Collected data entries
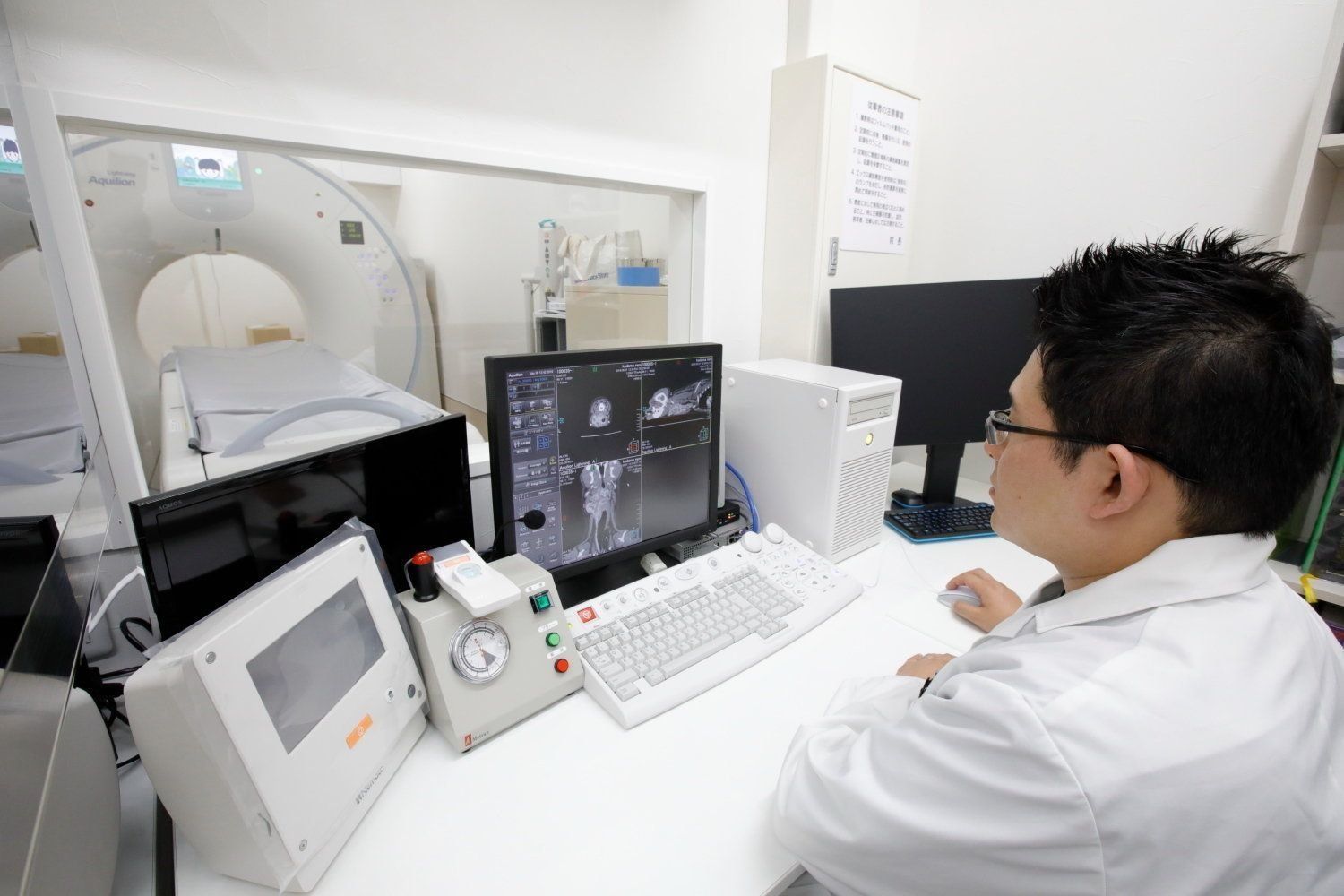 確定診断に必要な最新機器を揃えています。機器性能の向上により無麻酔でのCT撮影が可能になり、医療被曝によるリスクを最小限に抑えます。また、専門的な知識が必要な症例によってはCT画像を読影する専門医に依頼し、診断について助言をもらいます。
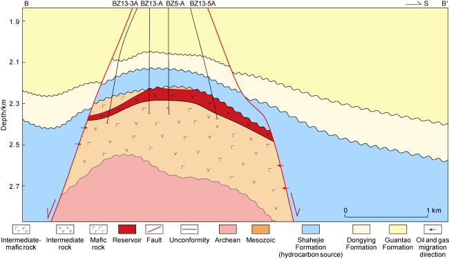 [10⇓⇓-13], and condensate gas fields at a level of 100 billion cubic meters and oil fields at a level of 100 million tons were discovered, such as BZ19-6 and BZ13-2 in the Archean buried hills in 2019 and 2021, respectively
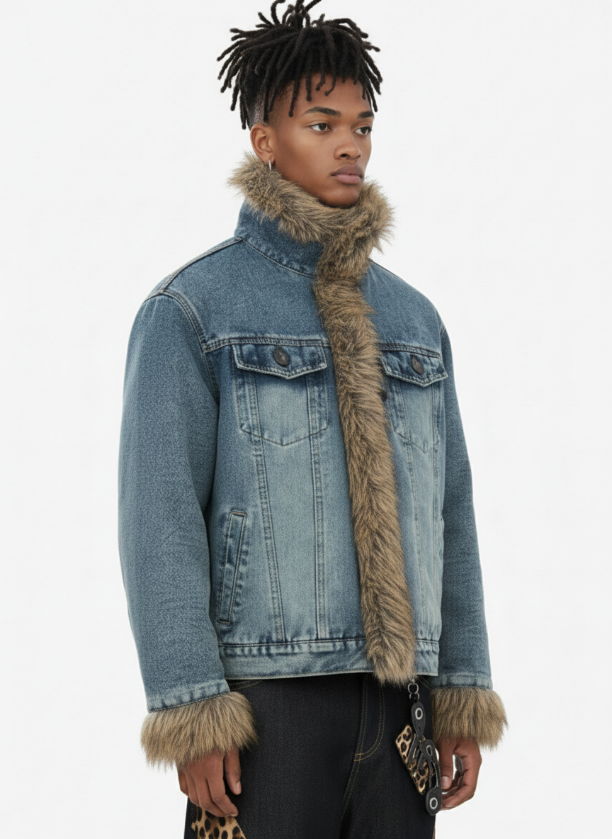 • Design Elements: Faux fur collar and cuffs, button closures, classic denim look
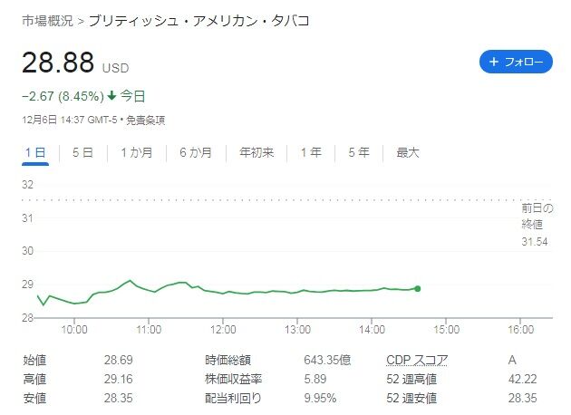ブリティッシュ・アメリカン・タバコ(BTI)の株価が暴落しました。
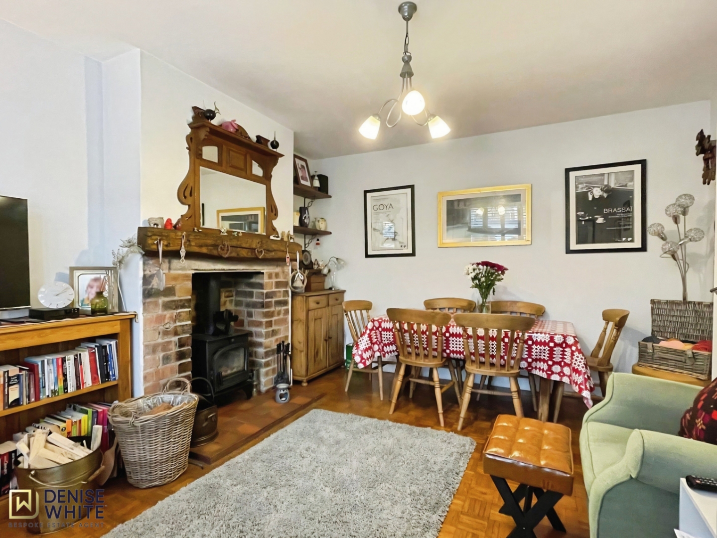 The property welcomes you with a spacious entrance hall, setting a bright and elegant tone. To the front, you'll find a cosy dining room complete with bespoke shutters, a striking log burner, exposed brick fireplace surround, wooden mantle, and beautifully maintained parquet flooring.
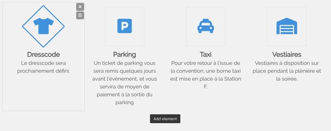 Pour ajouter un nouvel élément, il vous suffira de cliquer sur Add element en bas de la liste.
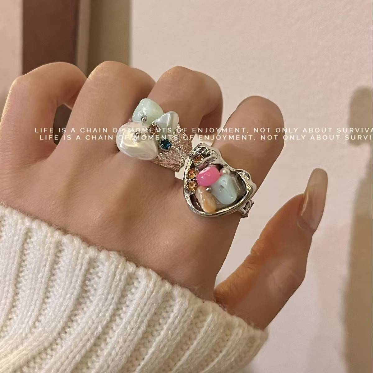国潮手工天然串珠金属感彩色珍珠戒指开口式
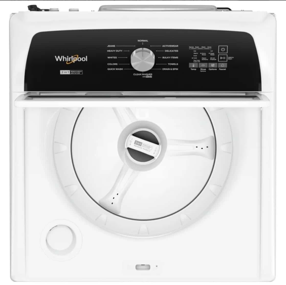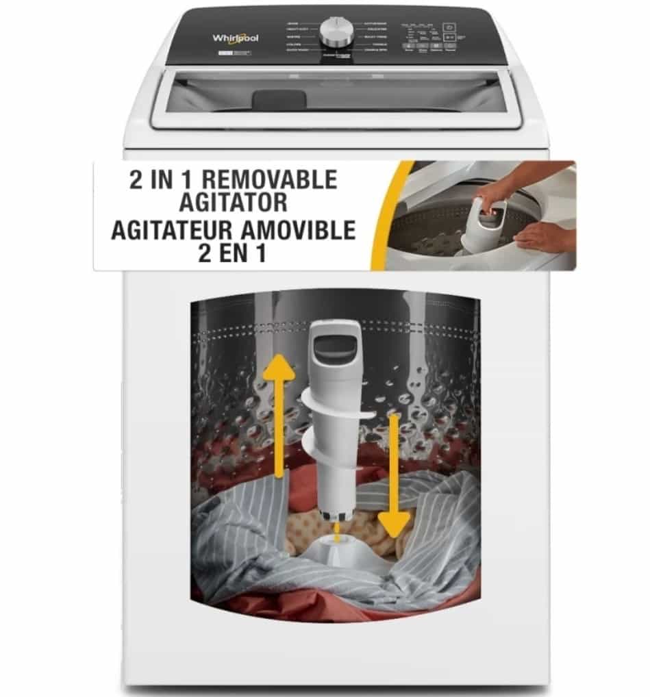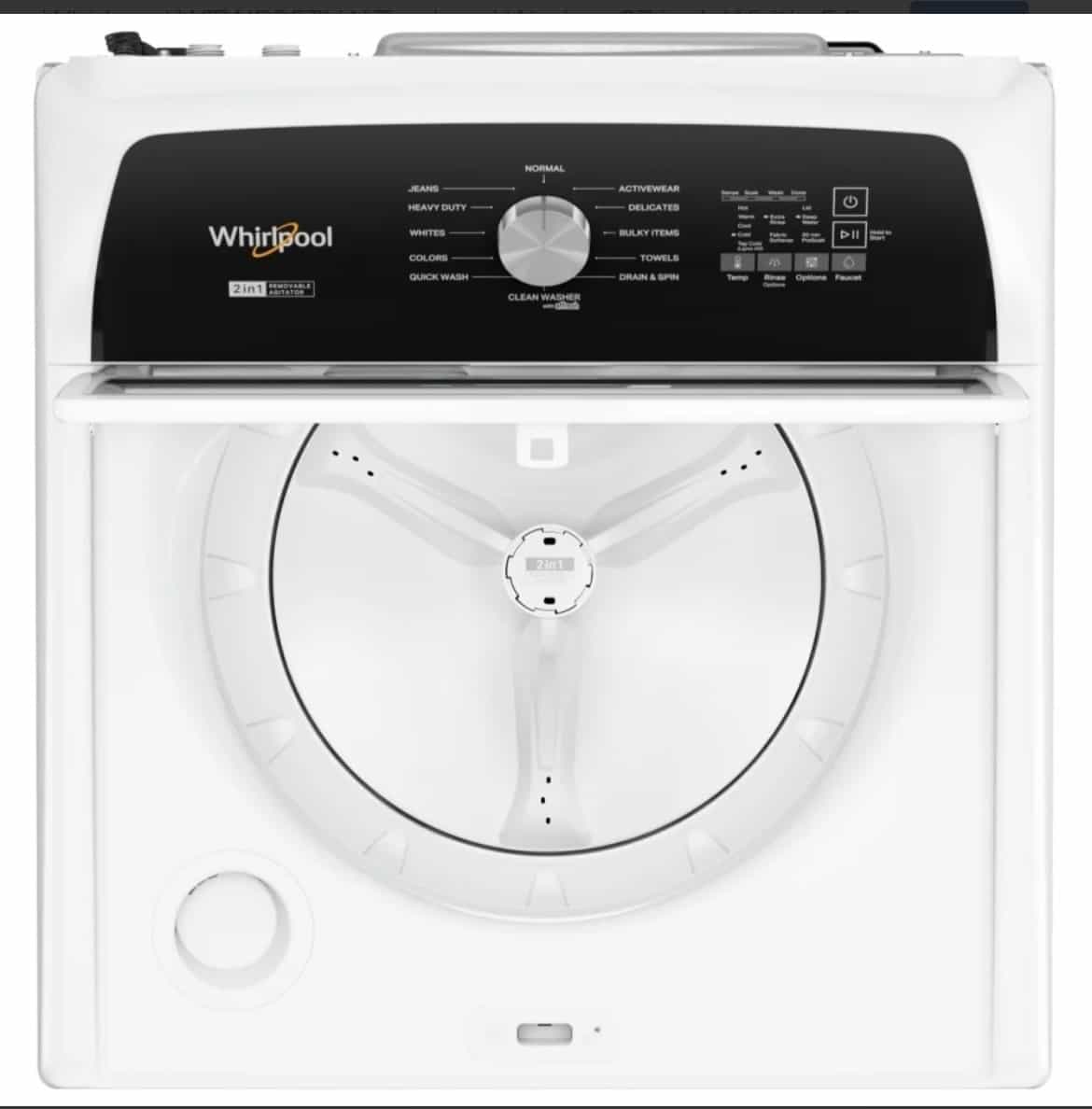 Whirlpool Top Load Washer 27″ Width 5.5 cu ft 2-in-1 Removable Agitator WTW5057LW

• _WHAT TO PRODUCE_
Exactly restate the lines from the one holding "The property welcomes" to the final line of the records above, including both and excluding pictures.

• _ANSWER TO THE EXERCISE_
 The property welcomes you with a spacious entrance hall, setting a bright and elegant tone. To the front, you'll find a cosy dining room complete with bespoke shutters, a striking log burner, exposed brick fireplace surround, wooden mantle, and beautifully maintained parquet flooring.
 Pour ajouter un nouvel élément, il vous suffira de cliquer sur Add element en bas de la liste.
国潮手工天然串珠金属感彩色珍珠戒指开口式
 Whirlpool Top Load Washer 27″ Width 5.5 cu ft 2-in-1 Removable Agitator WTW5057LW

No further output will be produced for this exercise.